╭─ Provided data

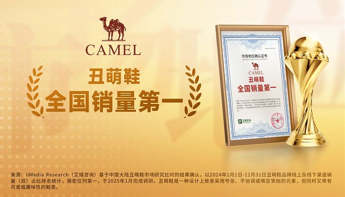 2025年2月,骆驼获全球新经济产业第三方数据挖掘和分析机构iiMedia Research(艾媒咨询)授予的“丑萌鞋全国销量第一”市场地位确认。
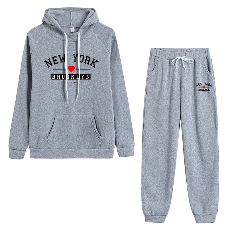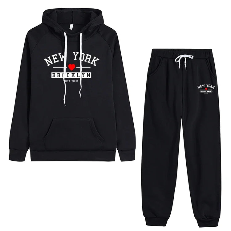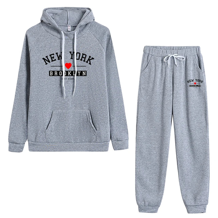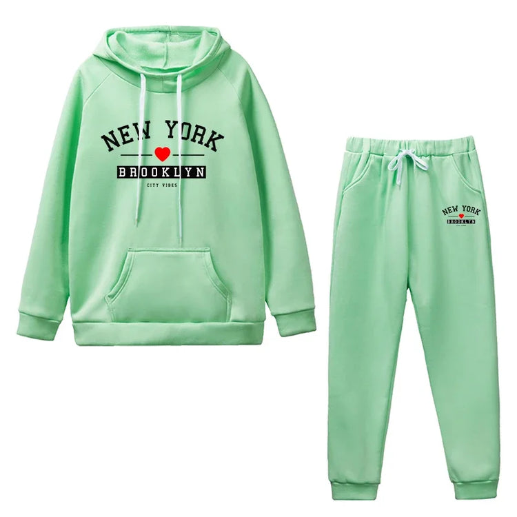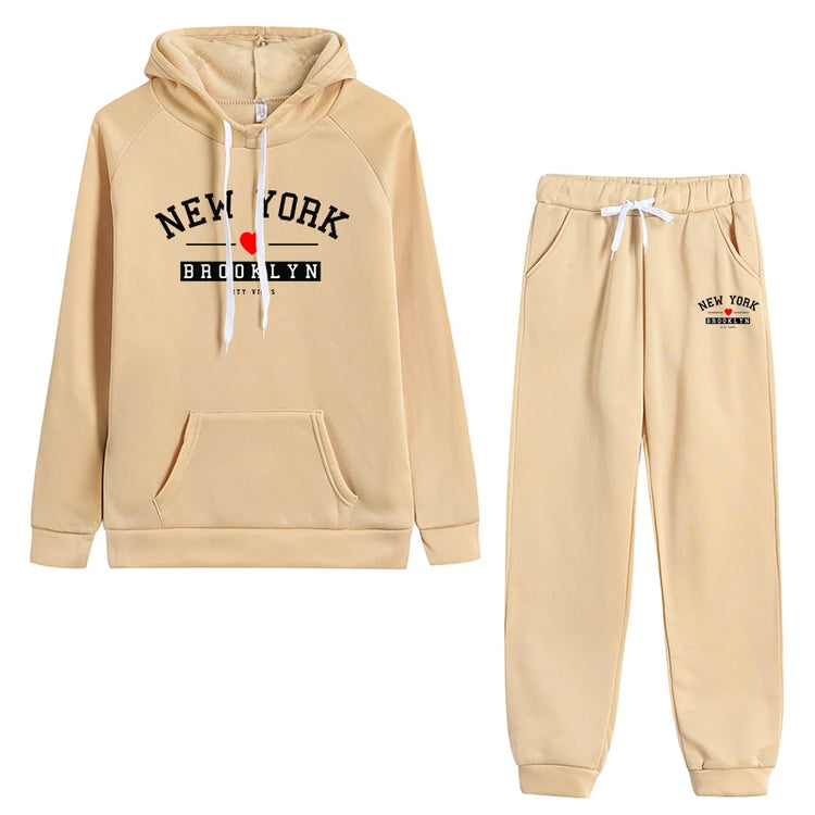 New Trend Women's Tracksuit Hoodies and Sweatpants High Quality Ladies Daily Casual Sports Jogging Suit New York Printed Outfits
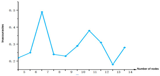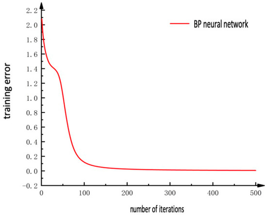 The optimal number of nodes in the hidden layer is obtained by bringing n = 4 and m = 12 into the empirical Equation (5). The calculation results show that the number of nodes lies between the interval [5,14], and each integer of the various kinds is tested one by one with the BP neural network. The results of the training error are shown in Figure 4.
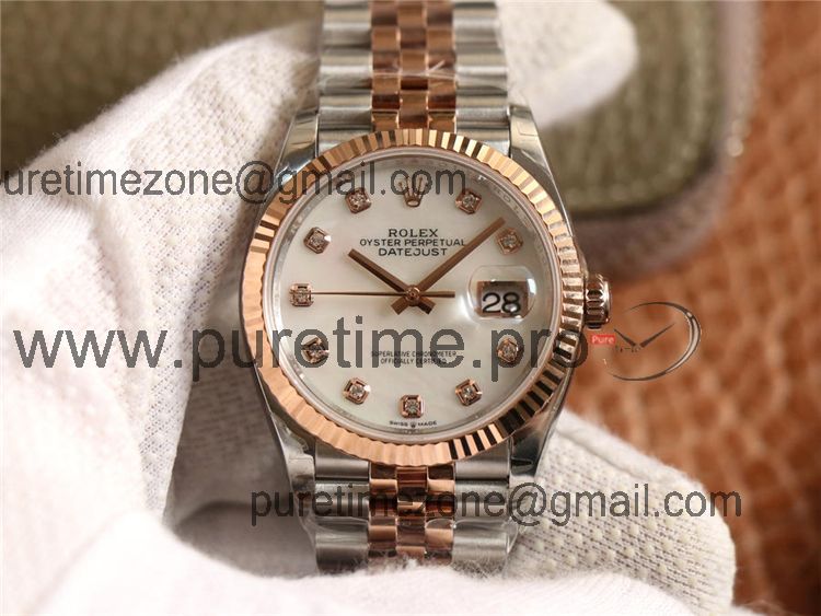 EWF Datejust 36 126233 A3235 Automatic Unisex Watch Two Tone RG MOP Diamond Dial 904L Jubilee Bracelet Best Edition
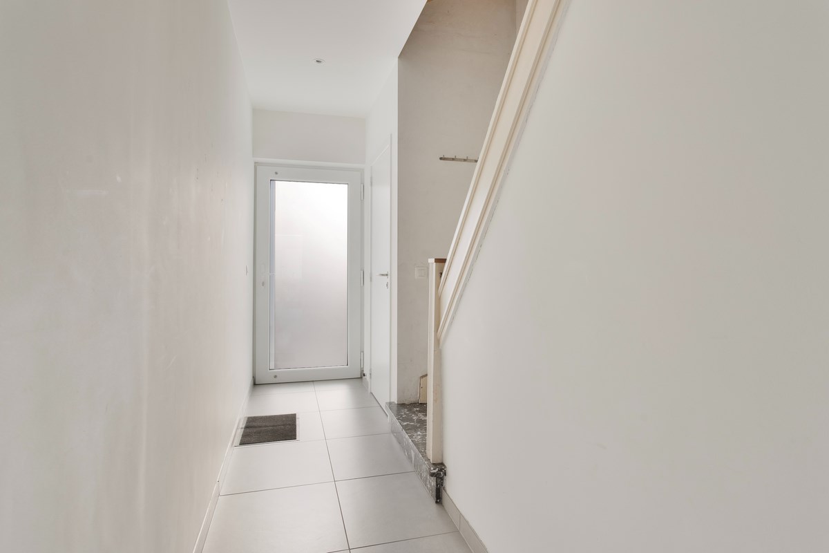 Via de centrale inkomhal met apart gastentoilet komen we rechtstreeks in de lichtrijke leefruimte met open keuken en zicht op de diepe en brede tuin. Vanuit deze ruimte is er nog toegang tot de kelder en eveneens tot de was- en technische berging, die opnieuw uitkomt via een deur uitkomt op de straatzijde.
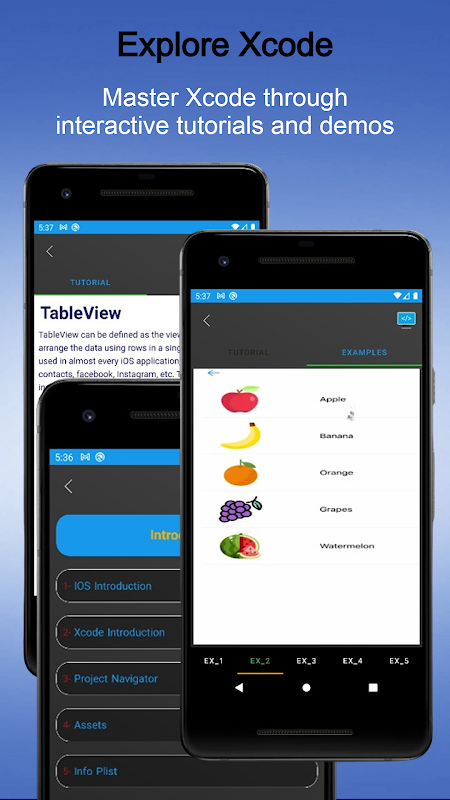 Bài học về nhiều ví dụ: Trải nghiệm các tình huống đa dạng với hơn năm ví dụ trong mỗi hướng dẫn Xcode.
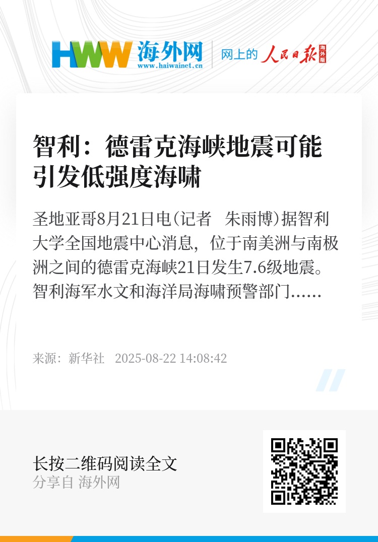 新华社圣地亚哥8月21日电(记者 朱雨博)据智利大学全国地震中心消息,位于南美洲与南极洲之间的德雷克海峡21日发生7.6级地震。智利海军水文和海洋局海啸预警部门发布预警说,此次地震可能引发低强度海啸。
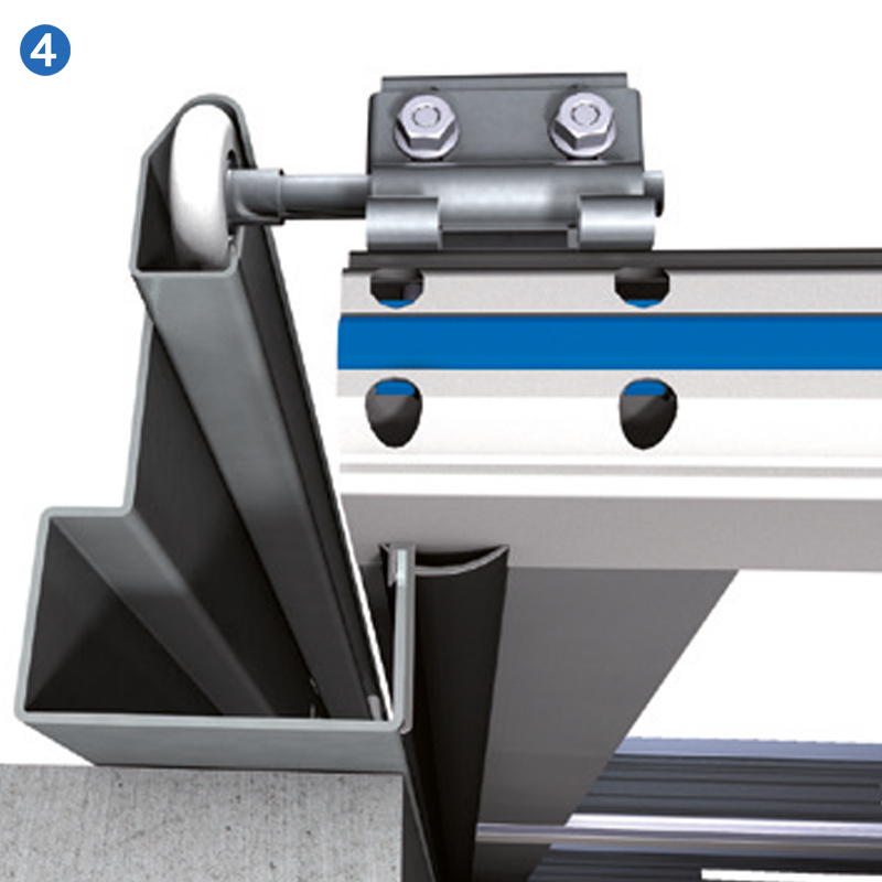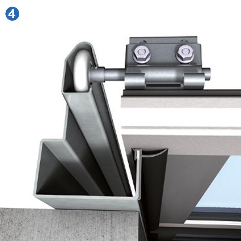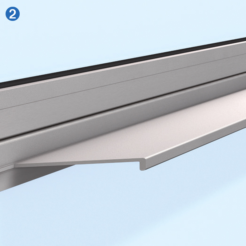 Novoferm est l'un des rares fournisseurs du secteur à utiliser de série des parcloses en aluminium anodisé. Cela présente l'avantage d'offrir un rendu esthétique nettement supérieur et une durabilité bien plus grande que les cadres en plastique noir souvent utilisés. De plus, les composants en aluminium utilisés ont tous le même coefficient de dilatation, ce qui permet à l'ensemble de se dilater de manière uniforme sous l'effet de la chaleur et évite que les cadres ne se déforment, comme c'est souvent le cas avec les cadres en plastique.

╰─

> **What you will do**
Reproduce the data above exactly, leaving each picture out.

> **Task response**
 2025年2月,骆驼获全球新经济产业第三方数据挖掘和分析机构iiMedia Research(艾媒咨询)授予的“丑萌鞋全国销量第一”市场地位确认。
 New Trend Women's Tracksuit Hoodies and Sweatpants High Quality Ladies Daily Casual Sports Jogging Suit New York Printed Outfits
 The optimal number of nodes in the hidden layer is obtained by bringing n = 4 and m = 12 into the empirical Equation (5). The calculation results show that the number of nodes lies between the interval [5,14], and each integer of the various kinds is tested one by one with the BP neural network. The results of the training error are shown in Figure 4.
 EWF Datejust 36 126233 A3235 Automatic Unisex Watch Two Tone RG MOP Diamond Dial 904L Jubilee Bracelet Best Edition
 Via de centrale inkomhal met apart gastentoilet komen we rechtstreeks in de lichtrijke leefruimte met open keuken en zicht op de diepe en brede tuin. Vanuit deze ruimte is er nog toegang tot de kelder en eveneens tot de was- en technische berging, die opnieuw uitkomt via een deur uitkomt op de straatzijde.
 Bài học về nhiều ví dụ: Trải nghiệm các tình huống đa dạng với hơn năm ví dụ trong mỗi hướng dẫn Xcode.
 新华社圣地亚哥8月21日电(记者 朱雨博)据智利大学全国地震中心消息,位于南美洲与南极洲之间的德雷克海峡21日发生7.6级地震。智利海军水文和海洋局海啸预警部门发布预警说,此次地震可能引发低强度海啸。
 Novoferm est l'un des rares fournisseurs du secteur à utiliser de série des parcloses en aluminium anodisé. Cela présente l'avantage d'offrir un rendu esthétique nettement supérieur et une durabilité bien plus grande que les cadres en plastique noir souvent utilisés. De plus, les composants en aluminium utilisés ont tous le même coefficient de dilatation, ce qui permet à l'ensemble de se dilater de manière uniforme sous l'effet de la chaleur et évite que les cadres ne se déforment, comme c'est souvent le cas avec les cadres en plastique.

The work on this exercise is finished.